__Work instructions__
Please return the lines below verbatim, beginning at the one that has "藤沢産の農水産物や加工品など" and stopping after the one that has "الرجال جمعية آشور", and add no other lines.
=== Begin Enclosure ===
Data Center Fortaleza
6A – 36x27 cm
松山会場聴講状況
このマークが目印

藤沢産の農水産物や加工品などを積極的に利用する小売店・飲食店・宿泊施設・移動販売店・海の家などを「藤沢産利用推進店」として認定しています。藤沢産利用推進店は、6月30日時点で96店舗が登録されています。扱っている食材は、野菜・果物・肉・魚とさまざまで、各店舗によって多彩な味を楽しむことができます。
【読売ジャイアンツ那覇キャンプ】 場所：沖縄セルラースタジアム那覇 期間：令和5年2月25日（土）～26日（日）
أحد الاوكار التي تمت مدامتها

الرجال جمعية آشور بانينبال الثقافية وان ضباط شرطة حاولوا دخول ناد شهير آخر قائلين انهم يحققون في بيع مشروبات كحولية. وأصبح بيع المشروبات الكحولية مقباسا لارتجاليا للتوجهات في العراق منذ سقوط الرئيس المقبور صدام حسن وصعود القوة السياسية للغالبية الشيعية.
=== End Enclosure ===
=== Begin Enclosure ===
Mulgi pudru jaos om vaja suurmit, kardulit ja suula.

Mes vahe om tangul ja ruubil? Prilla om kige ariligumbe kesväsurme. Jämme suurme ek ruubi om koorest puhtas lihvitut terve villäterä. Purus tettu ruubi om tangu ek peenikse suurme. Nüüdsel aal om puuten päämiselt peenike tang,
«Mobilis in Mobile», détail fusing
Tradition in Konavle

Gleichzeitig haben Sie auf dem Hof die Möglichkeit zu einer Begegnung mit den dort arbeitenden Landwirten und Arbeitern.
=== End Enclosure ===
=== Begin Enclosure ===
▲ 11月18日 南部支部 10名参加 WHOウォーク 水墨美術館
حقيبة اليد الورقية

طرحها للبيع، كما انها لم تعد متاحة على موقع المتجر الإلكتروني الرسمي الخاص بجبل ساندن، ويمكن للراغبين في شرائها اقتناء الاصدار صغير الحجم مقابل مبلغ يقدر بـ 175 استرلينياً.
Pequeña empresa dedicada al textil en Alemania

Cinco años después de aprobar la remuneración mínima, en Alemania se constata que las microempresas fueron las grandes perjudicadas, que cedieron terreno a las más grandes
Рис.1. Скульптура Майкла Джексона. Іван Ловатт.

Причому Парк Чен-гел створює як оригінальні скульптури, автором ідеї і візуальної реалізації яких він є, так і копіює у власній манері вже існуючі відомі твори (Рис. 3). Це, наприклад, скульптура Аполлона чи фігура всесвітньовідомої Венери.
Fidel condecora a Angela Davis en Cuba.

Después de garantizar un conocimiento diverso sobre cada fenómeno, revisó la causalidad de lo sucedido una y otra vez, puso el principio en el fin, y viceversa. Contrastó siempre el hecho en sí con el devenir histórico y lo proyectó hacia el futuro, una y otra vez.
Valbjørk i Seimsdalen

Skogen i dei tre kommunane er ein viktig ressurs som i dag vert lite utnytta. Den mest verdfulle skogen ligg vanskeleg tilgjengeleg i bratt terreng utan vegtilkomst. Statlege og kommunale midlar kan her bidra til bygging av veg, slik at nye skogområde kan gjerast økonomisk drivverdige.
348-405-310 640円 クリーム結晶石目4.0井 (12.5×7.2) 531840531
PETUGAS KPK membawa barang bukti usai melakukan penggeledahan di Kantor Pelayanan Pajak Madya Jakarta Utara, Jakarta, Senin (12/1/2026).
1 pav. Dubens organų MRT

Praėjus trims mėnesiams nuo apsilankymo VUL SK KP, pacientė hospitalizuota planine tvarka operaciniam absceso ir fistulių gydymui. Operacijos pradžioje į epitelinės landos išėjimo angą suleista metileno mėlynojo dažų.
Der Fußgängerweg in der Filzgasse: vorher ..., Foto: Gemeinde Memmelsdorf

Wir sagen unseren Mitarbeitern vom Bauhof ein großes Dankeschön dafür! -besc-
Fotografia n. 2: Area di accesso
=== End Enclosure ===
__Exercise answer__
藤沢産の農水産物や加工品などを積極的に利用する小売店・飲食店・宿泊施設・移動販売店・海の家などを「藤沢産利用推進店」として認定しています。藤沢産利用推進店は、6月30日時点で96店舗が登録されています。扱っている食材は、野菜・果物・肉・魚とさまざまで、各店舗によって多彩な味を楽しむことができます。
【読売ジャイアンツ那覇キャンプ】 場所：沖縄セルラースタジアム那覇 期間：令和5年2月25日（土）～26日（日）
أحد الاوكار التي تمت مدامتها

الرجال جمعية آشور بانينبال الثقافية وان ضباط شرطة حاولوا دخول ناد شهير آخر قائلين انهم يحققون في بيع مشروبات كحولية. وأصبح بيع المشروبات الكحولية مقباسا لارتجاليا للتوجهات في العراق منذ سقوط الرئيس المقبور صدام حسن وصعود القوة السياسية للغالبية الشيعية.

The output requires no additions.